Deep Learning to Fight Crime
We look at how using Deep Learning, Spark, and H2O Machine Learning platform can be used to analyze and predict crime in San Francisco and Chicago.
We’ve seen some incredible applications of Deep Learning with respect to image recognition and machine translation. But recently we wanted to know if we could create a specific application that has to do with public safety; in particular, how Deep Learning can be used to fight crime in the forward-thinking cities of San Francisco and Chicago.
The cool thing about these two cities (and many others) is that they are both open data cities, which means anybody can access city data, ranging from transportation, building maintenance records, utility usage and 911 dispatches. So, if you are a data scientist or thinking about becoming a data scientist, there are publicly available city-specific datasets you can play with.
For this example, we looked at the historical crime data sets from both Chicago and San Francisco. To give us a more rounded data set, we then joined this data with other sources including, weather and US Census data, using Spark’s SQL context.
Figure 1: Spark + H2O Workflow
We do the data import, ad-hoc data munging (parsing the date column, for example), and joining of tables by leveraging the power of Spark and then publish the Spark RDD as an H2O Frame.

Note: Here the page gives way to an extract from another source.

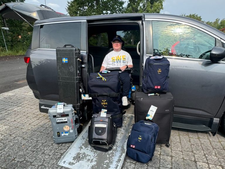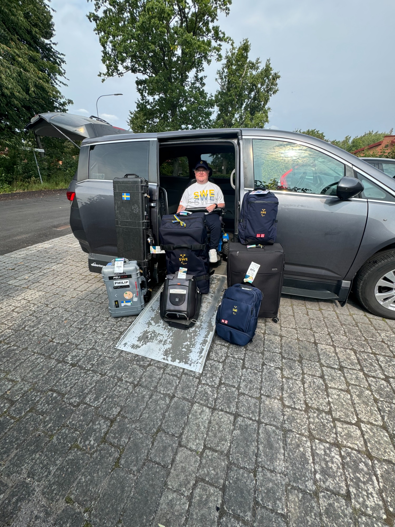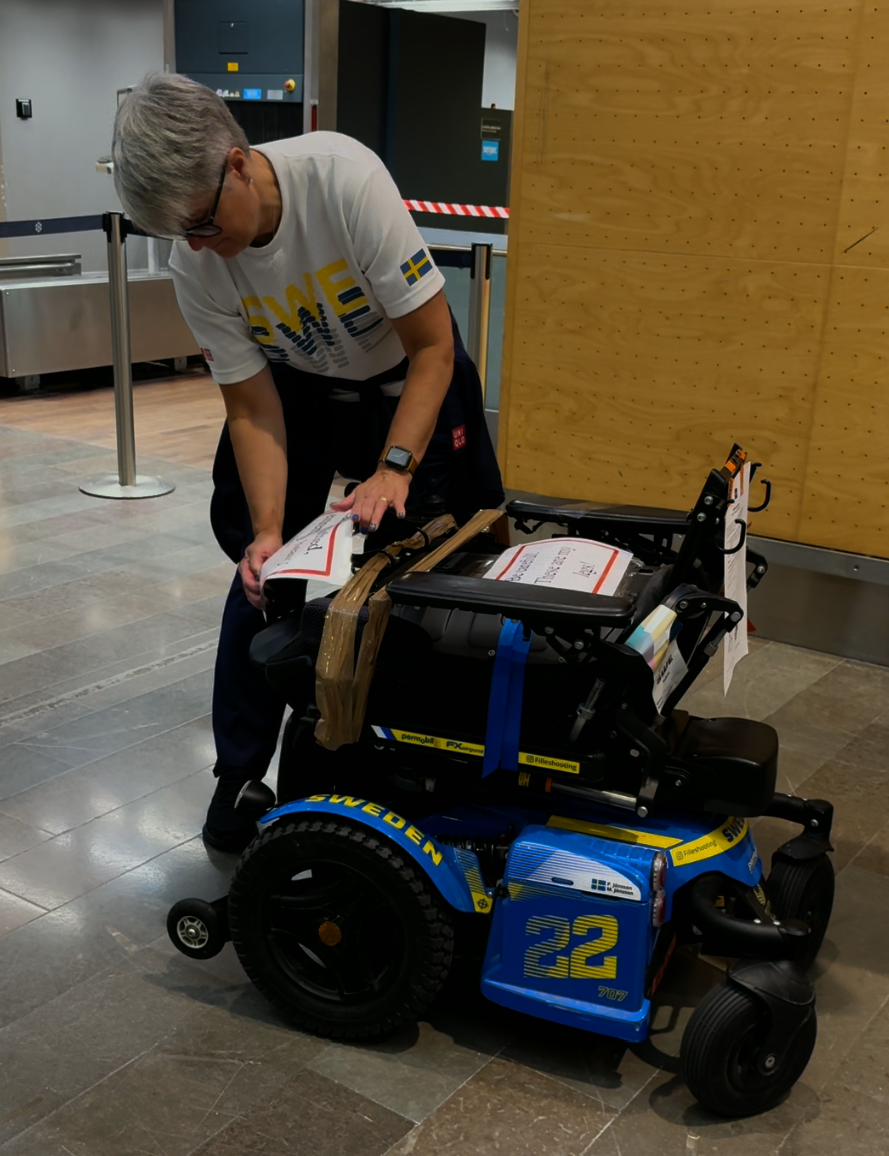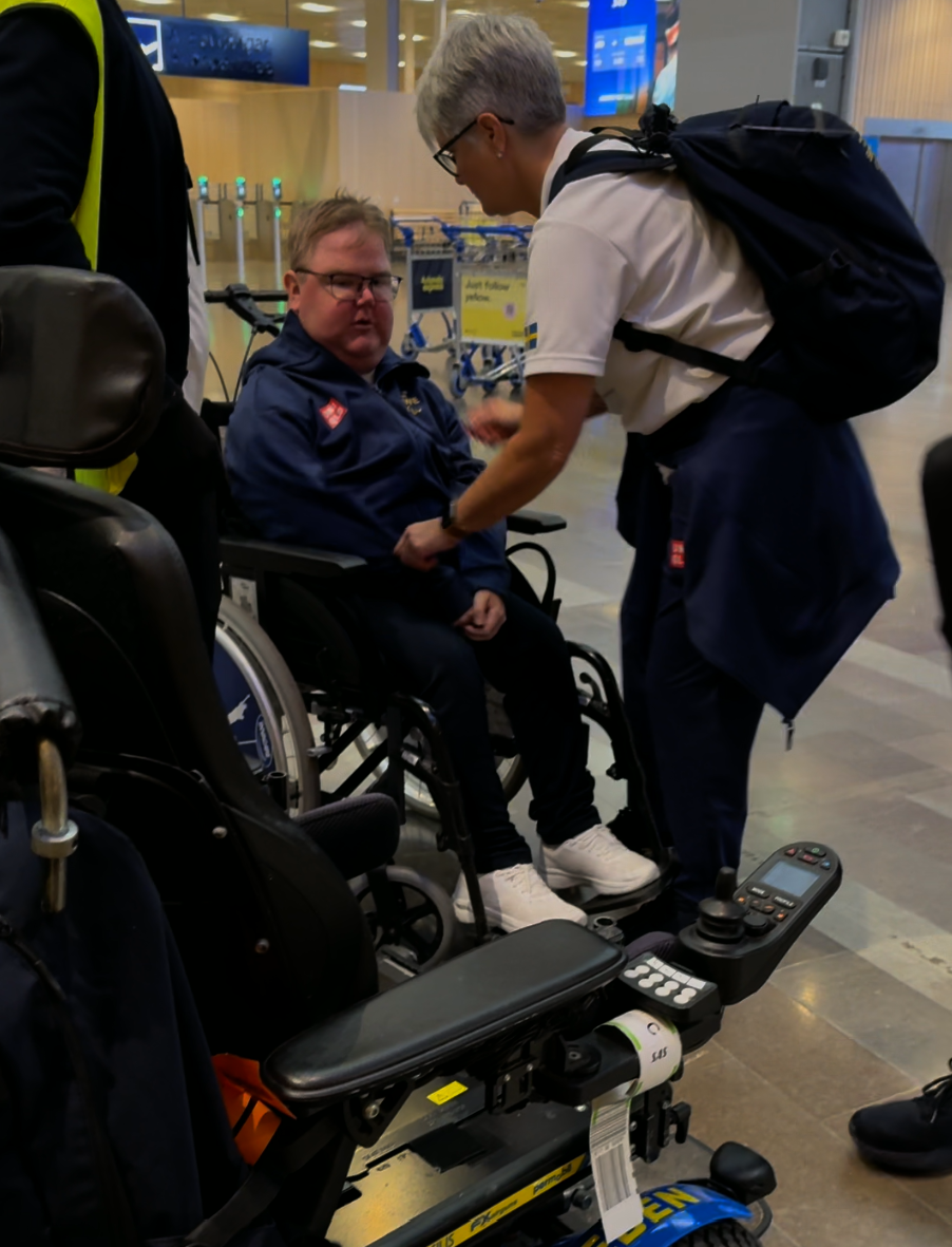 Eftersom vårt flyg gick tidigt på morgonen, sov vi på hotell på Arlanda för att inte vara allt för trötta. Flyget gick i tid och vi landade till och med tidigare än vi skulle. Vårt bagage ink vapen och Permobilen var hela och snabbt ute.
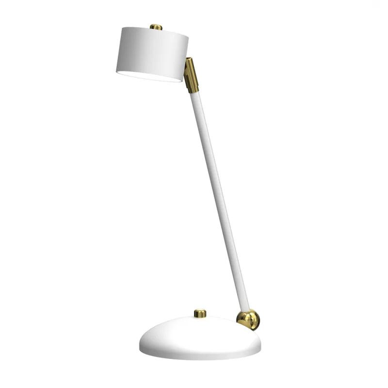 Delikatna propozycja oświetleniowa ARENA MLP7758 od marki EKO-LIGHT, nada się zarówno jako lampka nocna, biurkowa czy dodatkowa funkcjonalna dekoracja pomieszczenia. Ruchomy klosz zdecydowanie ułatwia użytkownie i poprawia komfort przy zwykłych pracach. Lampka mierzy 40cm wysokości, a średnica podstawy wynosi 15cm. Całą konstrukcja wykonana jest z metalu w kolorze bieli z dodatkami złotymi, które nadają nieco szaleństwa i nowoczesności całej konstrukcji. Lampa stołowa przystosowana jest na żarówkę o gwincie Gx53 (brak w zestawie). Ten model znajdziemy w 6 różanych kolorach - cała seria łącznie ma dostępnych aż 36 lamp.

Fig. 2 and 3 include some cool visualizations we made from the joined table, provided by the Flow framework as part of our latest H2O product, which you can download here.
Figure 2: San Francisco crime visualizations
Figure 3: Chicago crime visualizations
Interestingly enough, in BOTH cities crime seems to occur most frequently during the winter - a surprising fact given how cold the weather gets in Chicago! We also discovered that the times when you don’t want to be on the streets – that is when the majority of crimes occurred – was at midnight, noon and 6pm.